Data records:

=== Section Start ===

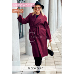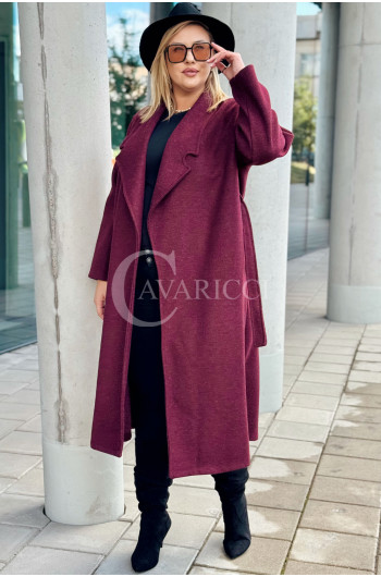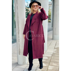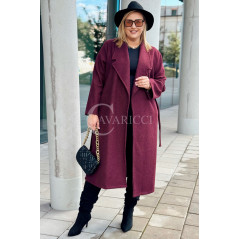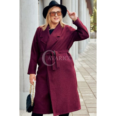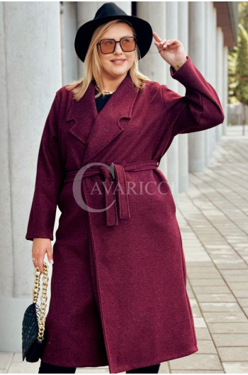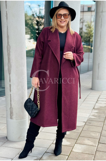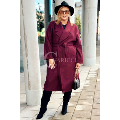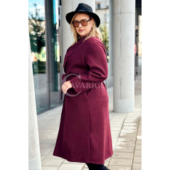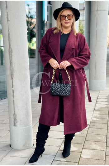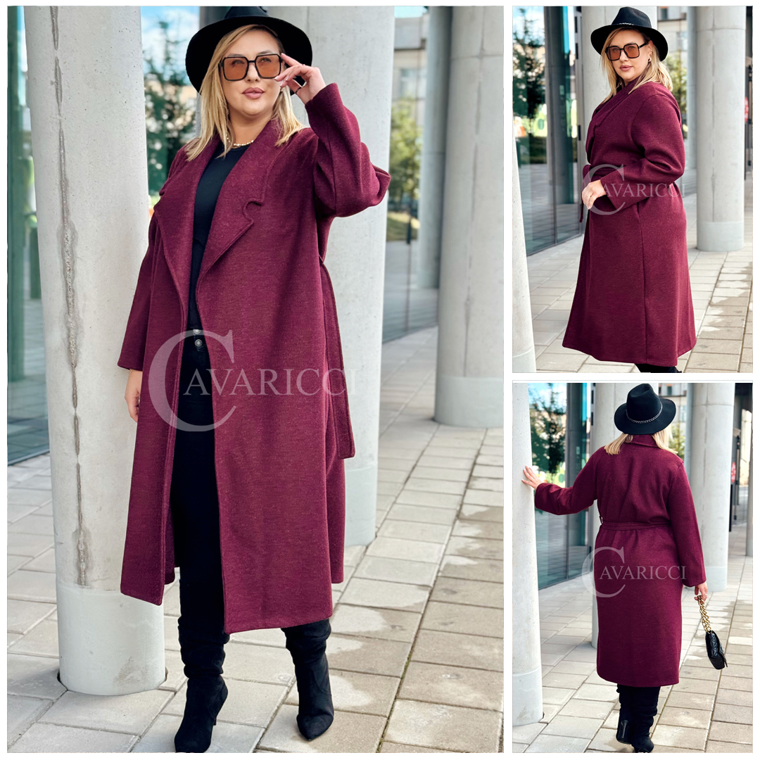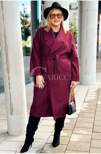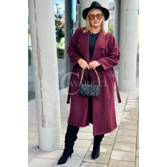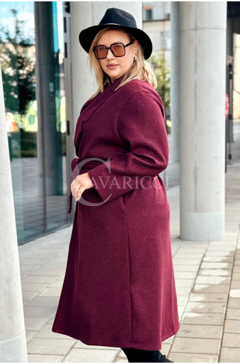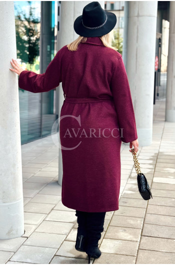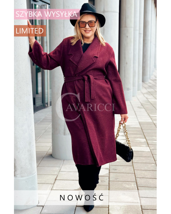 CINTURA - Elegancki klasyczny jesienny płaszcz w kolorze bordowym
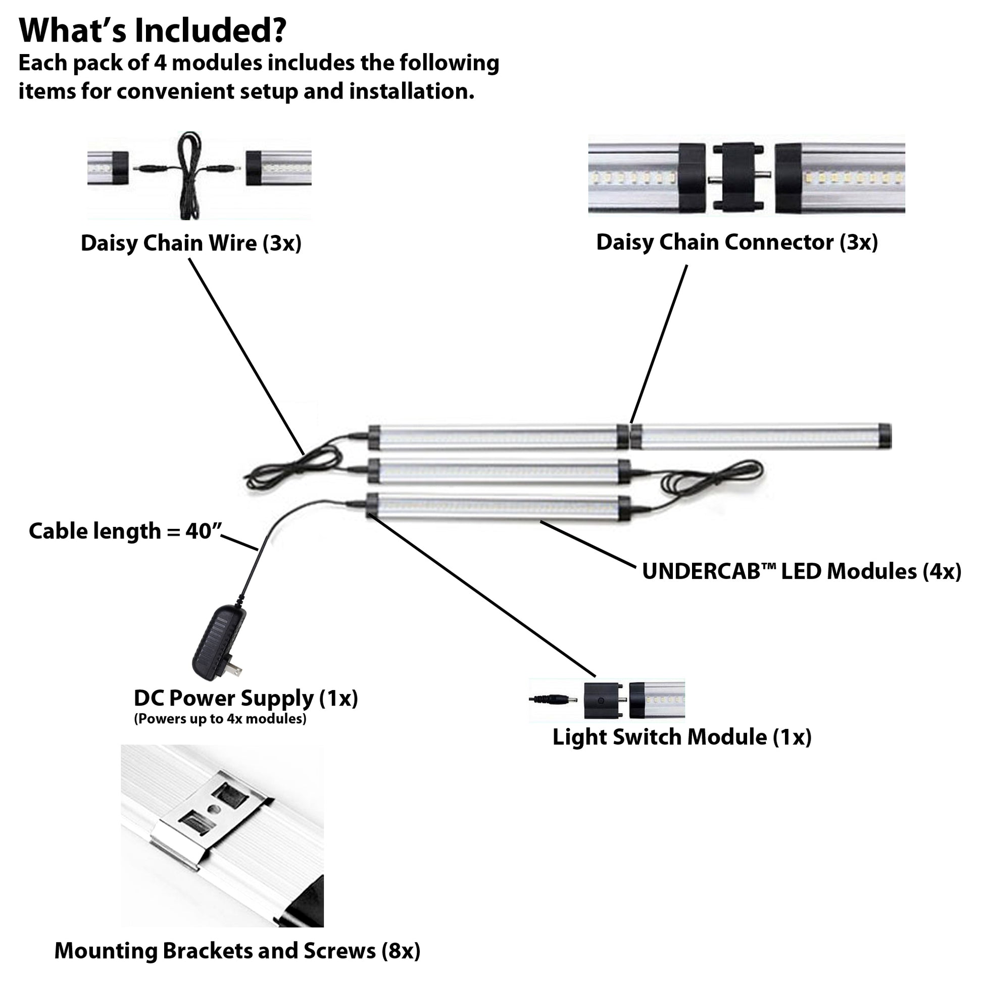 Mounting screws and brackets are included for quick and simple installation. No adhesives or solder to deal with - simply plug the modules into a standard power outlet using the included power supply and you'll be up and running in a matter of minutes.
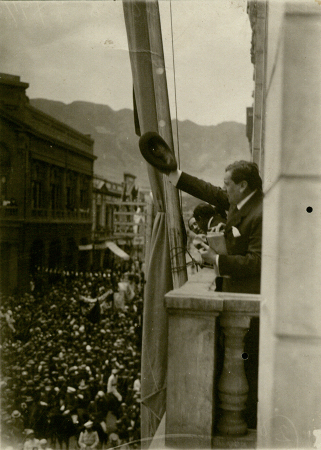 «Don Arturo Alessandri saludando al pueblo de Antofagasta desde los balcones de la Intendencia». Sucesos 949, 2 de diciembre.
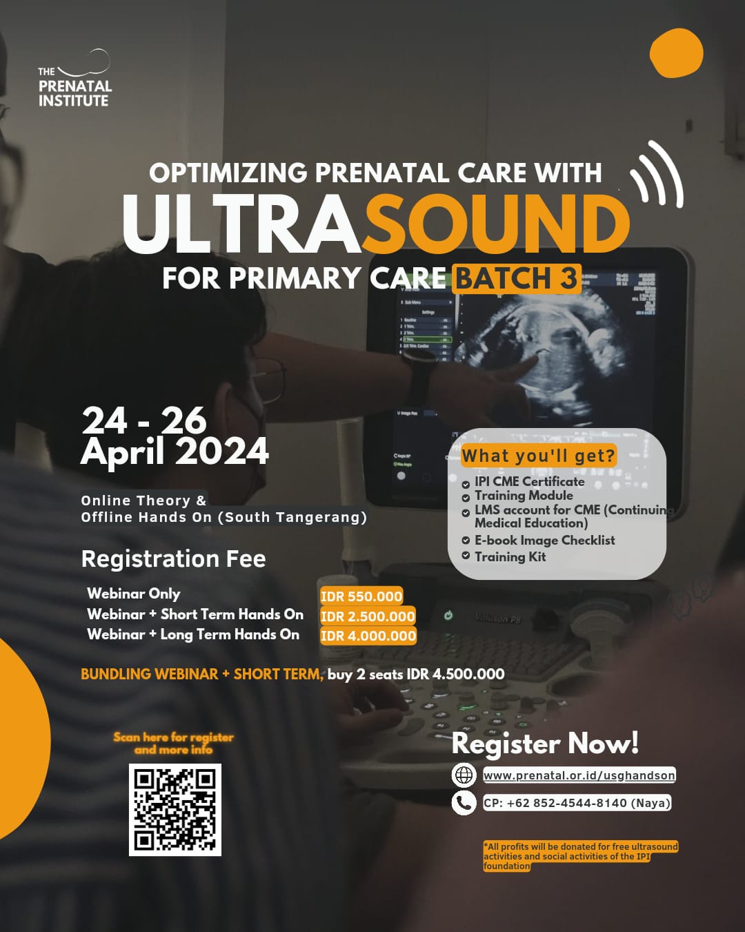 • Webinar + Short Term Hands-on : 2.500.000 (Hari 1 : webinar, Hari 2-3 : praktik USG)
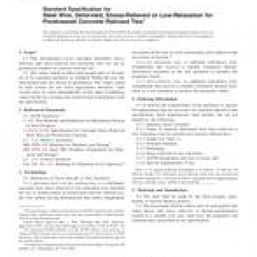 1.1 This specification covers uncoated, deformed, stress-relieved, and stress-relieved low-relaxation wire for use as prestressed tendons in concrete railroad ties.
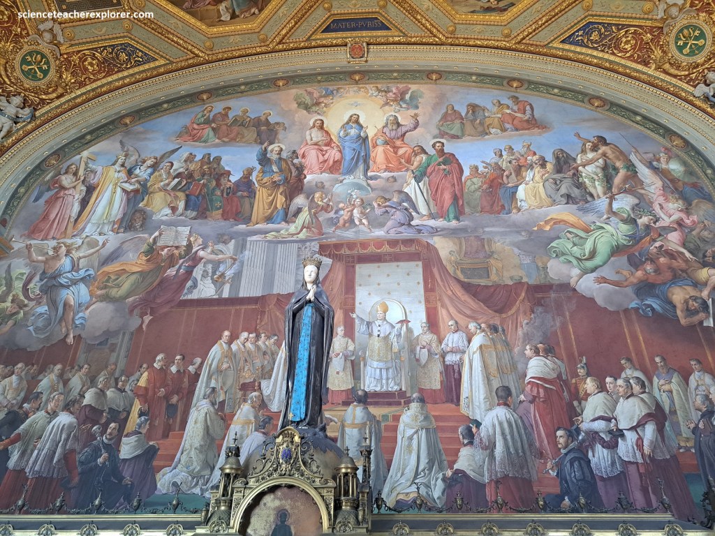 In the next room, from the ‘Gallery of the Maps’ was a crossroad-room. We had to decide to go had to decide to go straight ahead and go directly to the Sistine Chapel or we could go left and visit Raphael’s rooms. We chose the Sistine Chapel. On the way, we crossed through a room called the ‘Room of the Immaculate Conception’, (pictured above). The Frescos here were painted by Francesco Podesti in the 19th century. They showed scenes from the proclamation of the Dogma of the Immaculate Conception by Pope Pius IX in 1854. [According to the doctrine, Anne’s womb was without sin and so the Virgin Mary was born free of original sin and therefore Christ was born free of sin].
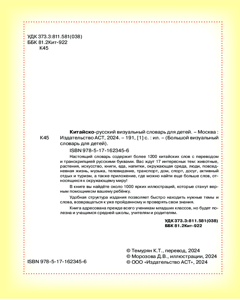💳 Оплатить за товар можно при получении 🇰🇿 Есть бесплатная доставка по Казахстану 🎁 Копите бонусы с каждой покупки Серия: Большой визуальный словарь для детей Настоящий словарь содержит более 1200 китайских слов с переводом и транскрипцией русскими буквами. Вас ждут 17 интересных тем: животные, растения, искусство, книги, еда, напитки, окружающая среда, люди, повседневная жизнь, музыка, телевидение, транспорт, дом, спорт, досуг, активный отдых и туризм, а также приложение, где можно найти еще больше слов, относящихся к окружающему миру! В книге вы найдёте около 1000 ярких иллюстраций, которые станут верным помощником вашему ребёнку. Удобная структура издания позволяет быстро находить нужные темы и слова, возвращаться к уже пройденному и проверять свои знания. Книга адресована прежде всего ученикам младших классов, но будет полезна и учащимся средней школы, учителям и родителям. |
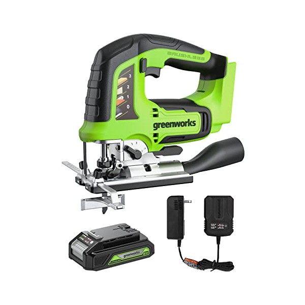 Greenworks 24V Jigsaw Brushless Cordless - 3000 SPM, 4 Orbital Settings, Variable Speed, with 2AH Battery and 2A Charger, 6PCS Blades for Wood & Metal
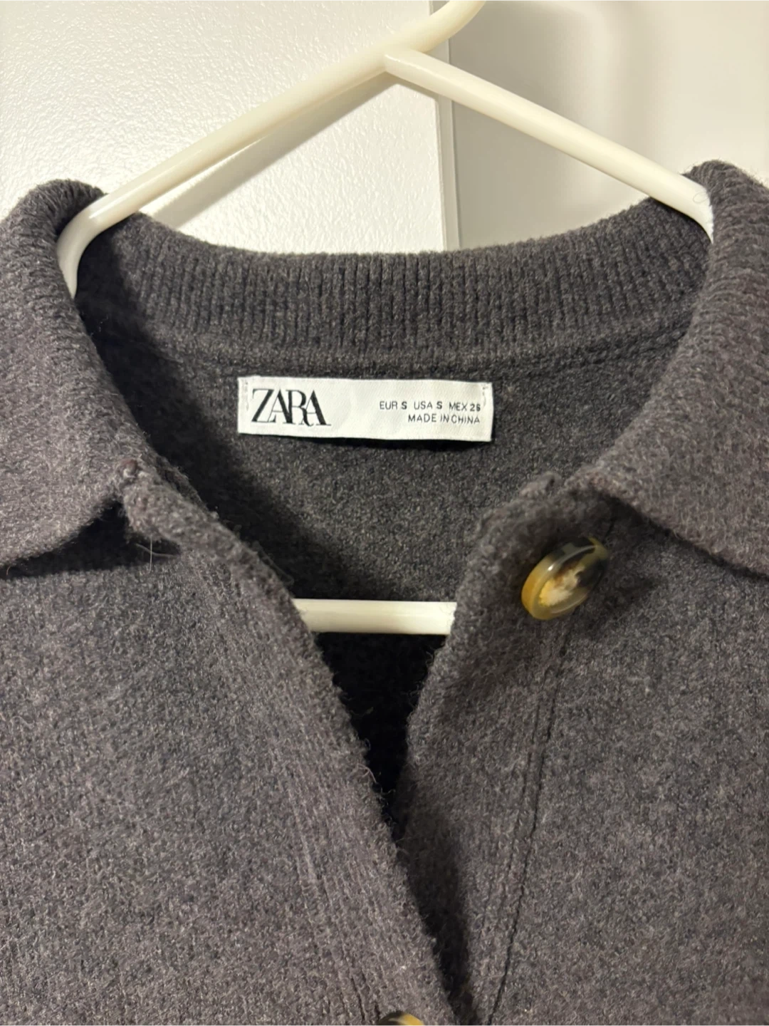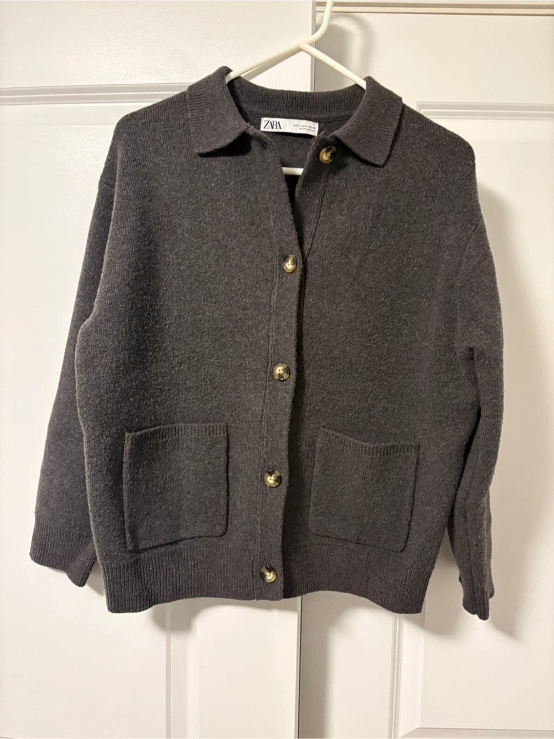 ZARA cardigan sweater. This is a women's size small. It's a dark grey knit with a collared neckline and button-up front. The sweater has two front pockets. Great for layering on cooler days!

=== Section End ===

Instructions to follow: Every line from the start of the listing above through the line with "In the next" should be repeated exactly; skip the pictures and add nothing else.

Response box:
 CINTURA - Elegancki klasyczny jesienny płaszcz w kolorze bordowym
 Mounting screws and brackets are included for quick and simple installation. No adhesives or solder to deal with - simply plug the modules into a standard power outlet using the included power supply and you'll be up and running in a matter of minutes.
 «Don Arturo Alessandri saludando al pueblo de Antofagasta desde los balcones de la Intendencia». Sucesos 949, 2 de diciembre.
 • Webinar + Short Term Hands-on : 2.500.000 (Hari 1 : webinar, Hari 2-3 : praktik USG)
 1.1 This specification covers uncoated, deformed, stress-relieved, and stress-relieved low-relaxation wire for use as prestressed tendons in concrete railroad ties.
 In the next room, from the ‘Gallery of the Maps’ was a crossroad-room. We had to decide to go had to decide to go straight ahead and go directly to the Sistine Chapel or we could go left and visit Raphael’s rooms. We chose the Sistine Chapel. On the way, we crossed through a room called the ‘Room of the Immaculate Conception’, (pictured above). The Frescos here were painted by Francesco Podesti in the 19th century. They showed scenes from the proclamation of the Dogma of the Immaculate Conception by Pope Pius IX in 1854. [According to the doctrine, Anne’s womb was without sin and so the Virgin Mary was born free of original sin and therefore Christ was born free of sin].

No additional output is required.